Die Gewissensentscheidung des Arztes hinsichtlich der Offenlegung der Unterlagen gegenüber den Angehörigen wird all diese Gesichtspunkte zu berücksichtigen haben. Dass sie ihrer Natur nach an sich nicht justiziabel, d. h. einer gerichtlichen Nachprüfung nicht zugänglich ist, weil diese von vornherein die Preisgabe des möglicherweise schutzbedürftigen Geheimnisses bedingen würde, kann an diesem Grundsatz nichts ändern. Der Arzt muss sich vielmehr bewusst sein, dass er die Einsicht nur verweigern darf, wenn gegen sie von seiner Schweigepflicht her mindestens vertretbare Bedenken bestehen können. Sachfremde, weil nicht von der erkennbar gewordenen oder zu vermutenden Willensrichtung des Patienten gedeckte Verweigerungsgründe sind unzulässig. Dazu gehört in der Regel auch die Befürchtung, dass durch die Einsichtnahme eigenes oder fremdes Arzt- verschulden aufgedeckt werden könnte. Zwar sind auch Fälle denkbar, in denen der Patient einen eventuell schuldigen Arzt erkennbar schonen wollte. Anhaltspunkte dafür sind im Streitfall nicht ersichtlich, doch wird diese Frage Gegenstand der ohnehin veranlassten erneuten tatrichterlichen Prüfung sein.

Demnach ist in der Frage des Einsichtsrechts allerdings der darauf in Anspruch genommene Arzt gewissermaßen selbst die letzte Instanz. Die damit verbundene Missbrauchsgefahr muss wegen des hohen Stellenwerts, der dem Vertrauensschutz zukommt, grundsätzlich hingenommen werden. Immerhin aber muss dem Arzt die Darlegung zugemutet werden, dass und unter welchem allgemeinen Gesichtspunkt er sich durch die Schweigepflicht an der Offenlegung der Unterlagen gehindert sieht.
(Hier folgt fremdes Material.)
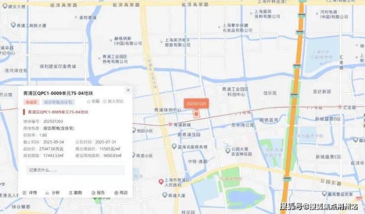 2025年9月4日,上海七批次土拍中,宇诚集团以总价27047万元,竞得青浦区QPC1-0009单元75-04地块,该地块成交楼板价15505元/㎡,溢价率0%。
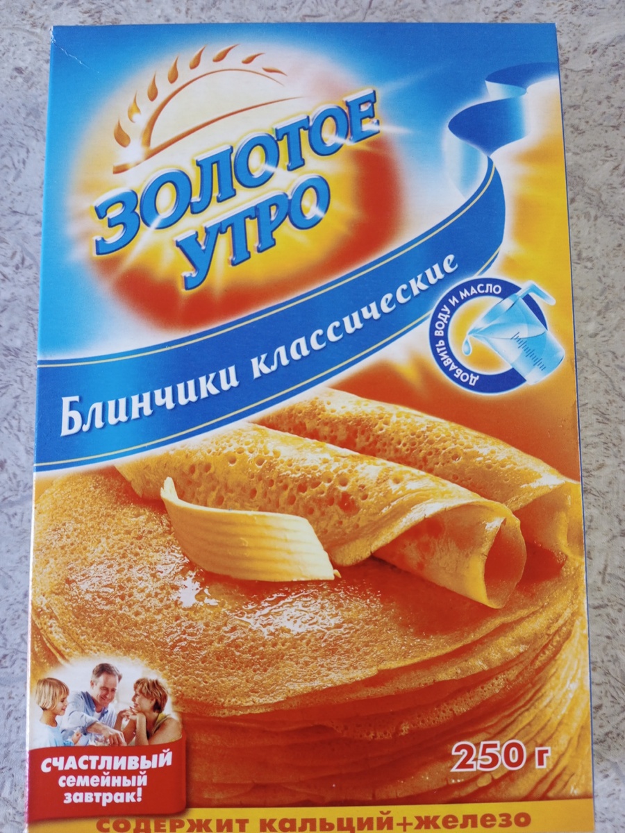 Понедельник день тяжёлый, так говорят в народе и поэтому можно для него выбрать простой вариант готовки. В магазине мне на глаза попалась смесь для приготовления блинчиков «Золотое утро», по совершенно смешной

Er wird also etwa zu erklären haben, dass bei einem jedenfalls nicht auszuschließenden Geheimhaltungsinteresse des Verstorbenen gegenüber den Hinterbliebenen bzw. Erben der Inhalt der Unterlagen nichts ergeben kann, was dem Anliegen der die Einsicht Begehrenden dienlich wäre, dass die Einsicht in die Krankenunterlagen den Hinterbliebenen Erkenntnisse vermitteln müsste, die der Verstorbene ihnen vermutlich vorenthalten wollte oder dass ein Wille des Verstorbenen zur Geheimhaltung auch gegenüber den Hinterbliebenen positiv geäußert worden ist. Jedenfalls muss der Arzt darlegen, dass sich seine Weigerung auf konkrete oder mutmaßliche Belange des Verstorbenen stützt. Die Substantiierung dieser Verweigerungsgründe durch den Arzt darf allerdings immer nur in diesem allgemeinen Rahmen verlangt werden. Sie ist nie in einem Umfang geschuldet, die die damit zu rechtfertigende Geheimhaltung im Ergebnis gerade noch unterlaufen würde. Dass dies eine haftungsrechtliche Sanktion unbefugter Verweigerung eventuell verhindert, soweit die Sachlage nicht auf andere Weise - etwa im Rahmen eines Ermittlungsverfahrens - offenbart wird, ändert daran nichts.